Luar angkasa makin dilirik untuk proses manufaktur karena memiliki banyak keunggulan yang sulit didapatkan selama proses tersebut dilakukan di Bumi. Luar angkasa telah lama dilirik sebagai tempat produksi chip dan serat optik generasi berikutnya karena lebih efisien dibandingkan jika produksi dilakukan di Bumi.

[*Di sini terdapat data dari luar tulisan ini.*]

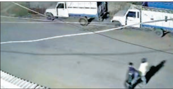
सीसीटीवी कैमरे में कैद सदिग्ध चोर ।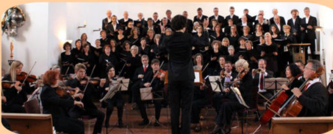
Chor-Solisten-Orchesterkonzerte bei den Bad Endorfer Orgelwochen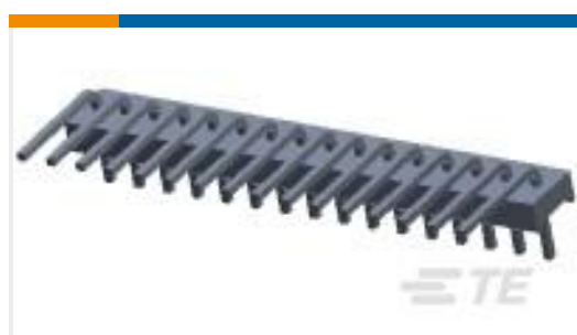
TE 产品编号1-640453-6 16P MTA100 HDR ASSY SQ R/A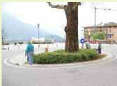
Pulizia e sistemazione delle aiuole nella piazza centrale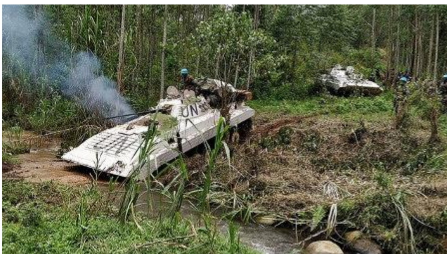
Monusco-soldater på patrull i Norra Kivu-provinsen i april 2018.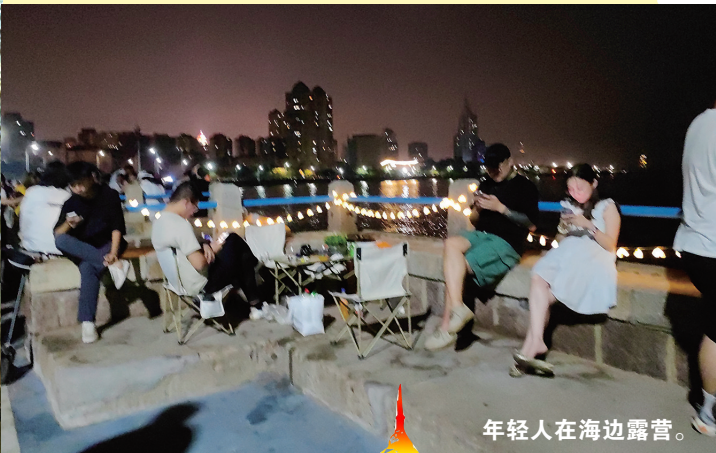
年轻人在海边露营。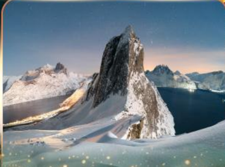
เกาะเซนต์ญา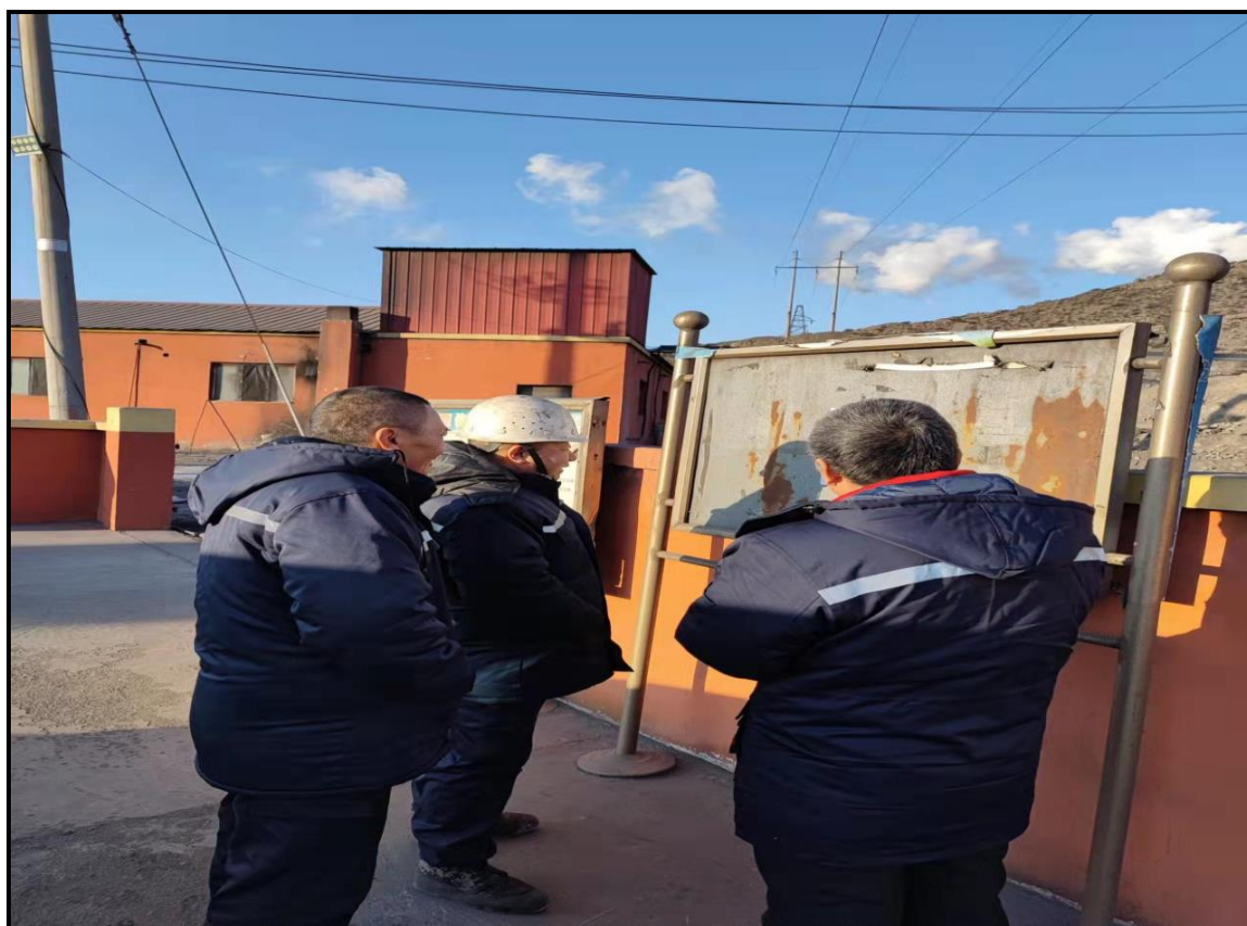
图3.2-4 现场张贴公告照片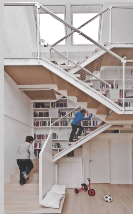
Model Home «LichtAktiv Haus», Hamburg (D).

Auf den ersten Blick scheint die Mehrheit der Schweizer mit ihrem Zuhause sehr zufrieden zu sein. Die genauere Analyse der einschlägigen Faktoren für Wohnkomfort und Wohngesundheit – thermischer Komfort, Lüftung, Tageslicht und Zustand des Gebäudes – zeigen jedoch, dass die psychischen und physiologischen Bedürfnisse vieler Menschen in ihrem Wohnumfeld nicht erfüllt werden. Relevante Bevölkerungsteile empfinden ihre Wohnungen als zu kalt, zu dunkel oder zu stickig. Hinzu kommen grosse spezifische Unterschiede sowohl in den einzelnen Regionen als auch in den verschiedenen Altersklassen der Gebäude. So heben sich zum Beispiel die Regionen Westschweiz und Tessin meist stark vom restlichen Teil der Schweiz ab und nähern sich mit ihren Einschätzungen eher dem europäischen Durchschnitt.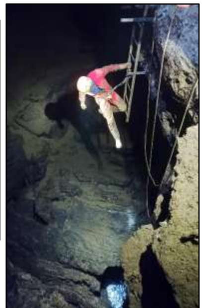
Si vede l'acqua

quando il lavoro li lasciava andare, per cui in giorni diversi e strani orari mattina, sera oppur anche di notte l'irrefrenabil passion per le grotte li spinse a ritrovarsi in tempi vari.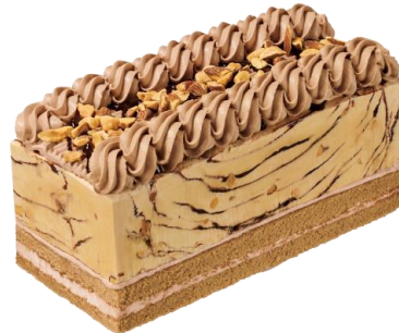
サイズ：縦 約6.5cm×横 約15cm×高さ 約5.8cm

2種の豆をドリップしたコーヒーが香る「ジャモカアーモンドファッジ」にコーヒーケーキを重ね、チョコレートホイップクリームにソース、さらに香ばしいローストアーモンドをデコレーション。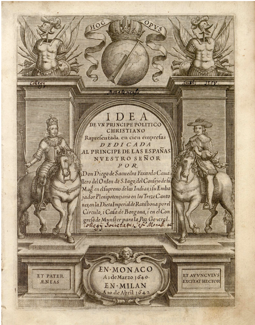
FIG. 3. Frontispicio de la segunda edición (Milán, 1642).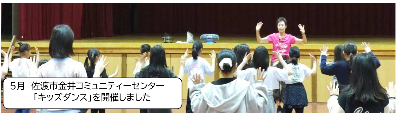
5月 佐渡市金井コミュニティーセンター 「キッズダンス」を開催しました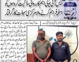
کراچی (کریم رپورٹر) ایس ایس پی یو ای ایم کارروائی کی اور ڈیکٹ گروہ کو اسٹیج روہ کرنے والا مرکزی ہیلوٹ کار گرفتار کیا گیا۔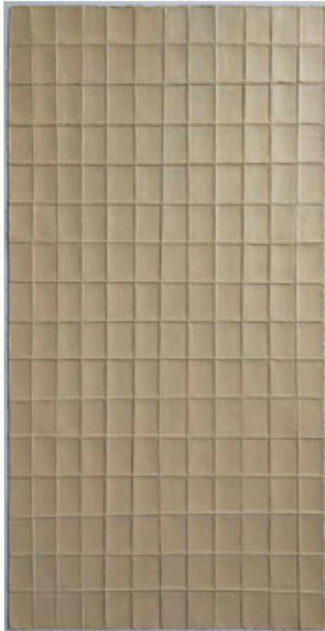
Sans Titre / Untitled Papier à gravure allemand plié et peint à l'acrylique 41,91 x 22,86 cm 1979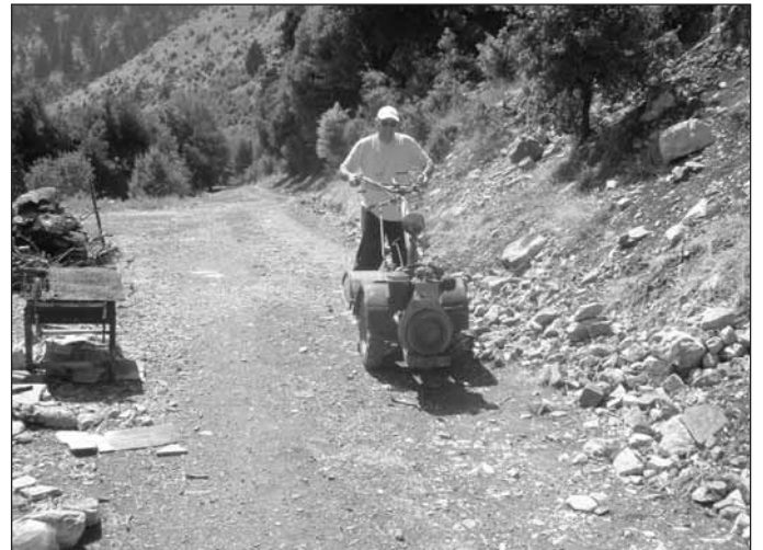
...Και η ανάπτυξη αρχίζει...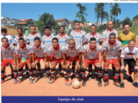
Equipe do Jui

lanterna do grupo, sem ter pontuação ainda.

Dalam manufaktur semikonduktor di Bumi, seperti dikutip dari Wired.com, 6 Mei 2025, salah satu proses penting yang harus dilakukan adalah menumbuhkan kristal. Di Bumi, teknisi akan mengambil kristal benih silikon dengan kemurnian tinggi yang berukuran kecil dan mencelupkannya ke dalam silikon cair untuk mendapatkan kristal silikon berkualitas tinggi berukuran lebih besar. Kristal silikon besar itu bisa diiris hingga disusun membentuk wafer yang digunakan dalam komponen elektronik.

Proses penumbuhan kristal itu di Bumi bisa memunculkan pengotor sebagai konsekuensi dari keberadaan gaya gravitasi Bumi. Akibatnya, seperti disampaikan pimpinan eksekutif tertinggi Space Forge, perusahaan antariksa asal Inggris, Joshua Western, sulit untuk mendapatkan kristal benih silikon yang murni. Manufaktur proses ini di luar angkasa akan menghasilkan wafer yang jauh lebih murni.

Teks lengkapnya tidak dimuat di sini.